Andi Supriadi Chan hi thanks for commenting. I’m not really sure what you are asking.
Thanks for this video...I hv several doubts..
1.Shouldn't we exclude features based on their correlation with other features and not the dependent variable??
2.I am working on a similar housing dataset with 61 features...so will this forward and backward wrapper methods work? How will i find the best combination of features to select as u did here as the dataset has less no. of features.
3.Could u pls explain that pipeline code line with StandardScalar() and Kneighbors....is it automatically standardizing the numerical features and then implementing KNN?
4. My dataset has many categorical variables and after getting dummy variables, no. of features have gone up. So, how do I select using forward or backward selection as selecting levels of categories will not make any sense...so how do I select important categorical features?
Your reply is highly appreciated :)
Hi Akash, sorry for the delay.
1. So the point of removing variables that have low correlation with the dependent variable is that they are variables that do not predict the dependent variable and so won't be useful to the model. The risk of only looking at correlation with other variables is that you could remove a potentially useful variable because of its correlation with a useless variable.
2. It works the same with larger number of features.
3. The pipeline uses cross validation with a StandardScaler so first it will divide the data into 5 splits of training and test data, train a scaler on the training data and apply to the test data, then train the Knn to the training data and test on the test data.

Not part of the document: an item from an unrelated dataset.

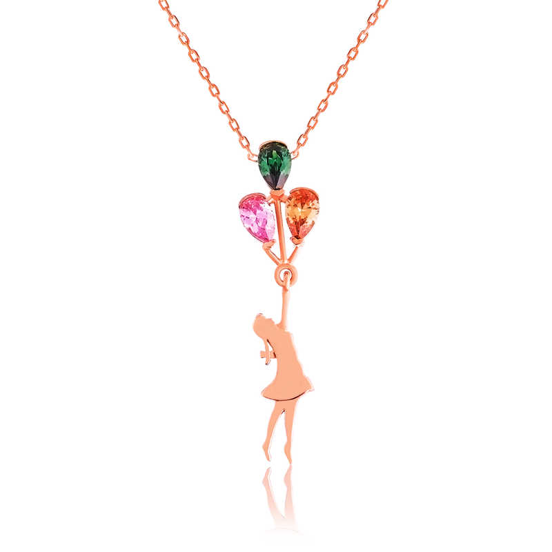 Düşlerimizi yansıtan rengarenk balonları ve rengarenk hayalleri tutan bu cıvıl cıvıl kızı sizler için tasarladık. Bu harika kolye; doğum günü hediyesi, sevgililer günü hediyesi veya anneler gününde hediye olarak özel günlerde tercih edilebilecek mükemmel bir seçenektir. Bu şık tasarım 925 ayar gümüşten imal edilmiştir. Bu kolye üzerinde rose kaplama yapılmıştır. Rose kaplama yapılan kolyeler parlaklığını uzun süre muhafaza eder, gümüş rengini pembe renge çevirir. Tüm gümüş bayan kolyelerde olduğu gibi gümüş balon tutan kız bayan kolye de el emeği ile üretilmiştir. Gümüş ve değerli taşlar nedeniyle belirtilen ürün ağırlığında ± %10 sapma olabilmektedir.

4. I would recommend with categorical features, if some feature levels are not useful then group some together e.g. levels 1-3, 4, 5-9
hope that helps.
@@PhDandProductivity thank you very much for this detailed reply
@@PhDandProductivity thanks for your video and reply! just a quick follow-up on this question, so for those variables that have low correlation with the dependent variable, conclusion is keep or remove them? thx!
Hi there,
Thank you for sharing your knowledge. I have a question:
When we check the correlation, should we not check it only with continuous variables? I'm not sure what "correlation" tells us with categorical variables.

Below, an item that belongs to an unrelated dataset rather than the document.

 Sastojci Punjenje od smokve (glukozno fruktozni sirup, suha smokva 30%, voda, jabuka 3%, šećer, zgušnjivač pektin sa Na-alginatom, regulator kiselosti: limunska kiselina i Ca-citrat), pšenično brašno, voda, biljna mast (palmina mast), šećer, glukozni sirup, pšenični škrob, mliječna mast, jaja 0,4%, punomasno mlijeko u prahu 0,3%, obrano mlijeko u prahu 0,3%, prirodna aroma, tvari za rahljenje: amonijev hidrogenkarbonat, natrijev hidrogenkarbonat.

Doubt(in a broad sense) : Should we not first check if our variables are continuous/categorical and then choose the methods?
For example : t-test/correlation for continuous and chi-sq test for categorical variables after doing label encoding.
This has always bothered me. Looking forward to find out where the gap in my understanding is. Thank you!
PhD but doing basic stuff lol
That’s why she’s teaching. These are not PhD related.